Конечно, любой ужин можно заказать, но мне нравилось готовить. Особенно воздушные сырники по семейному рецепту Анна Келер, которые так нравились Максиму.
Чтобы не было скучно, включила телевизор, и ведущая новостей затараторила на все кухню:
— … Во Всемирный день здоровья, начиная с 1950 года, стараются привлечь внимание к самому ценному, что имеет человек — здоровью…
Слушая болтовню между делом, я проверила: не забыла ли специи, и не сразу спохватилась: сегодня же день рождения дяди Андрея — старшего маминого брата!
Пусть с мамой и сестрой отношения у меня натянутые, но дядька в целом неплохой человек. Надо позвонить, поздравить, тем более что в прошлом году он болел, маясь межпозвонковой грыжей…
Хорошо знакомый номер всплыл в памяти, и я потянулась к телефону.
Не особенно веря в успех задуманного, набрала цифры, нажала на вызов.

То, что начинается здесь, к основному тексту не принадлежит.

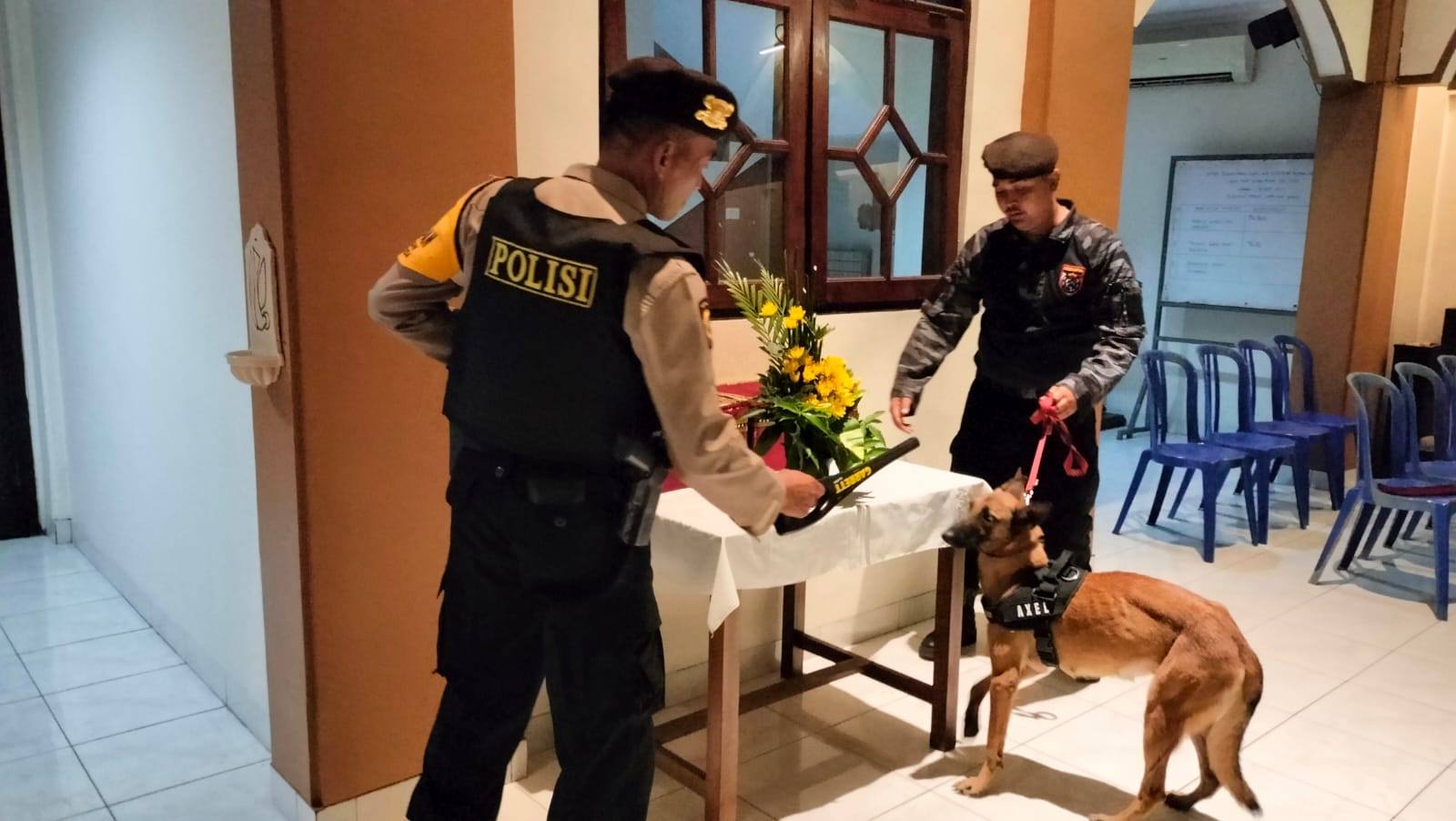 Tiba dilokasi, dengan menggunakan alat metal dan miror detektor serta dibantu unit satwa K-9, petugas menyisir setiap sudut gereja untuk melakukan pemeriksaan mulai dari serambi, altar utama hingga tempat duduk jemaat.

В трубке раздались гудки, но дядь Андрей не спешил отвечать, предпочитая избегать разговоров с незнакомыми подозрительными номерами. Как вдруг на том конце раздался громкий, бодрый мужской голос:
— Слушаю!
— Дядь Андрей, это Вера. С днем рождения тебя…
— Верка! Ты что ли?! — раздалось удивленное в ответ. — Вот уж не ожидал! Спасибо-спасибо!
Слово за слово, он рассказал, что сегодня соберутся за столом тетя Юля и сыновьями, сестра с Ленкой…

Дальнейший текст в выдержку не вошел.